Smoked some pork steaks tonight. Wow they were good. Never going on the grill again!



All seasoned up. Light coating of EVOO then seasoned with  Cavender's Greek Seasoning and garlic power.










Smoked for around an hour and a half around 240ish.


----------



## kingudaroad (Feb 25, 2009)

Those look excellent Darrin!!


----------



## sumosmoke (Feb 25, 2009)

I never would have thought to have smoked those cuts of meat ... you have me wanting to head to the store and smoke some tomorrow!!! Nice job!


----------



## fired up (Feb 26, 2009)

Looks good Darrin.


----------



## maker4life (Feb 26, 2009)

I love Cavenders and I bet they were good ! Nice job .


----------



## cman95 (Feb 26, 2009)

Look real tasty...


----------



## grothe (Feb 26, 2009)

Darn nice lookin eats Darrin


----------



## dan hammel (Mar 6, 2009)

You said you cooked them for about 1 1/2 hours at 240ish.   How long did you have smoke on them?  I have "OVER SMOKED" a few pieces of meet in the past...so...I'm a little nervous.  I want to do some tomorrow.   By the way, How thick were your steaks?
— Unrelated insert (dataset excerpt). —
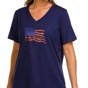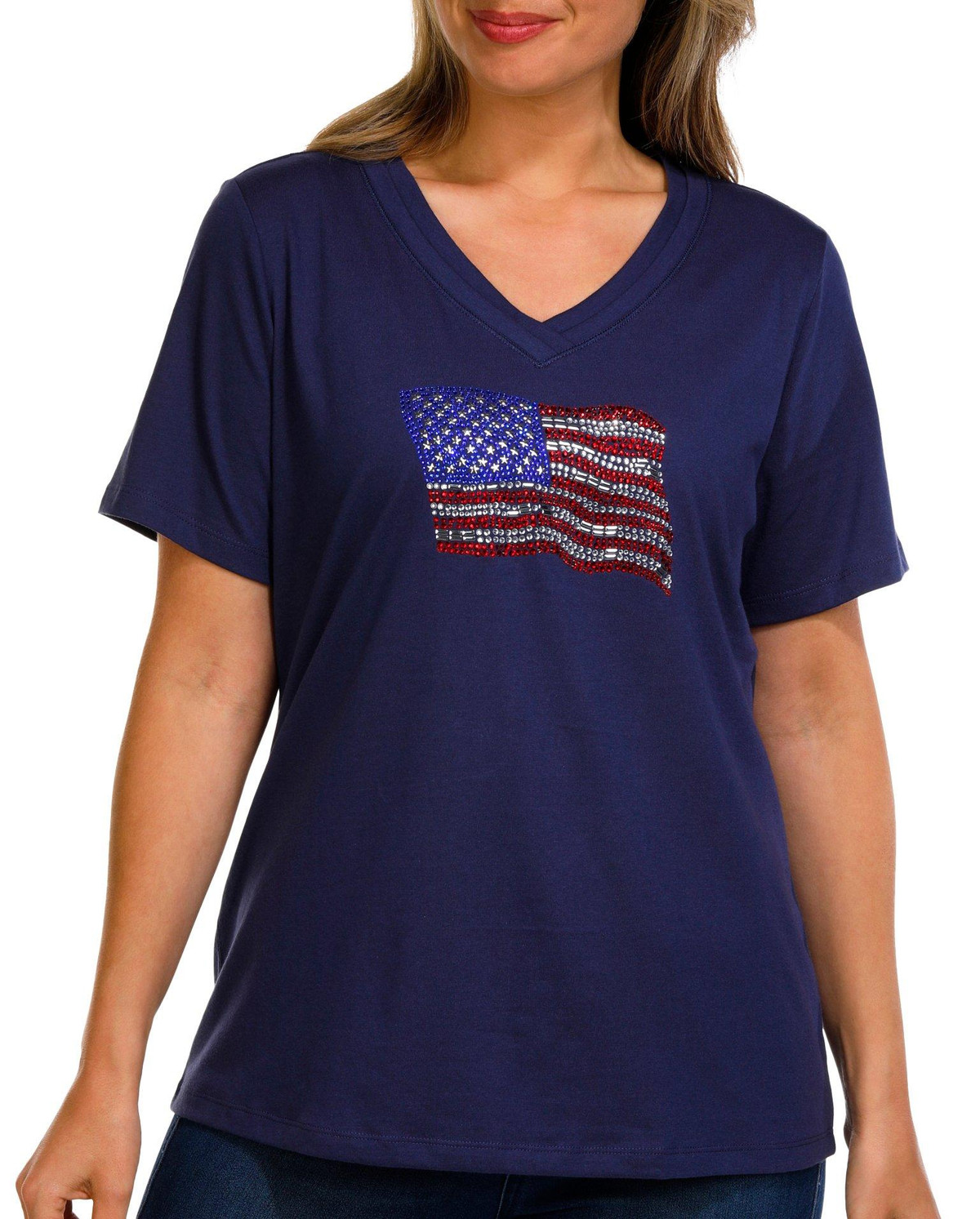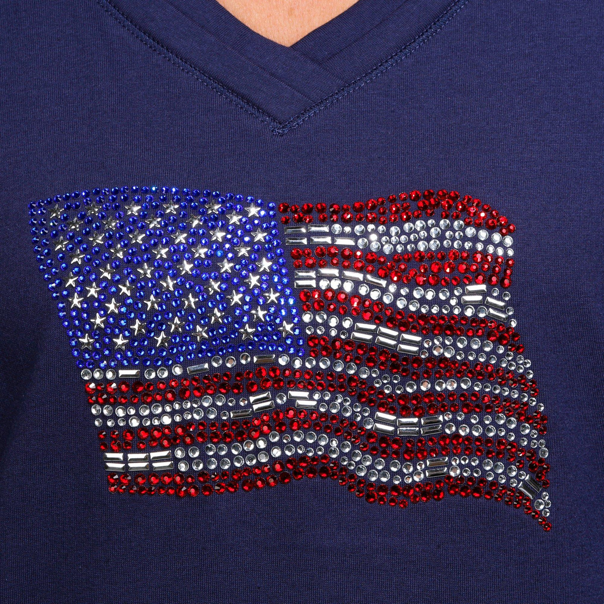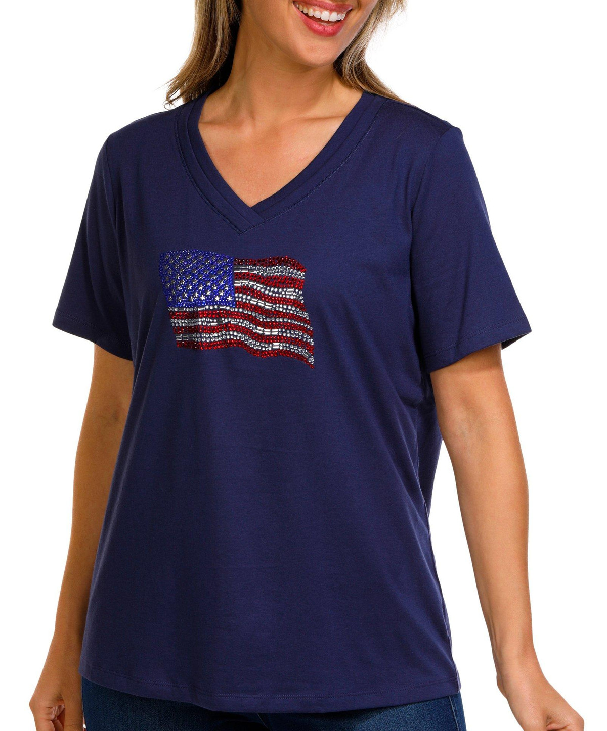 Coral Bay Petite Americana Rhinestone V-Neck Top

I'm suprised so many people know what a pork steak is!  Since I live near St. Louis, Mo...Pork Steaks are considered a staple food item.


----------



## hungryjohn (Mar 6, 2009)

Gotta try these. Look great.


----------



## dionysus (Mar 6, 2009)

Great idea. When I think about it I shouldn't be surprised they are great, it is after all just sliced Pork Butt !!!!

Good Job


----------



## carpetride (Mar 6, 2009)

Looks great!  I've been thinking about doing some of these.


----------



## got14u (Mar 6, 2009)

gonna have to try this ....looks good


----------



## tasunkawitko (Mar 6, 2009)

i'm convinced - will try it the first nice day we get here in the frozen north!


----------



## sweetlew (Oct 12, 2012)

Thinking of smoking some pork steaks this weekend while i smoke a chicken for the lady...question I have is time?Generally have my smoker around 230-240 degrees.  I have seen recipes and posts running times anywhere from 1 1/2 hours up to like 5 hours.  Some say throw em on and let em smoke, others use a 2-2-1 (or 2-2-1/2).....help guide me in the right direction


----------



## spoolinaz (Oct 12, 2012)

Think of them as a thin CSR, or pork chop. I cook them to 150, med rare.


----------



## roller (Oct 12, 2012)

Nice ..


----------



## scarbelly (Oct 12, 2012)

I take mine to 145 and let them rest for about 20 min with a foil or plastic wrap cover


----------



## i bleed blue (Oct 14, 2012)

I usually do a reverse sear (smoke to about 150-ish then a high heat grill for about 1-2 minutes) then sauce for 10 minutes per side on the smoker. They aren't St Louis Style pork steaks without sauce. ;)


----------



## hbt731 (Oct 15, 2012)

I often prefer a good pork steak over a beef steak. Local grocery store cuts pork steaks about an 1" inch thick. Man, they turn out so juicy.


----------



## smokin phil (Oct 15, 2012)

I smoke pork steaks with no seasoning and then use them as the "ham" in ham and beans. Everybody loves it!


----------



## snowave (Oct 17, 2012)

NICE!

Growing up in St. Louis, pork steaks were very common... almost like bread and butter and the Cardinals... I don't see the cut as much out west, but I'm gonna look for it as I need me a fix!


----------



## snowave (Oct 27, 2012)

Just got me a family pack of these... going in the smoker tomorrow!


----------



## smokin bobbyq (Jan 11, 2013)

Great pics! What kind of wood did you use?


----------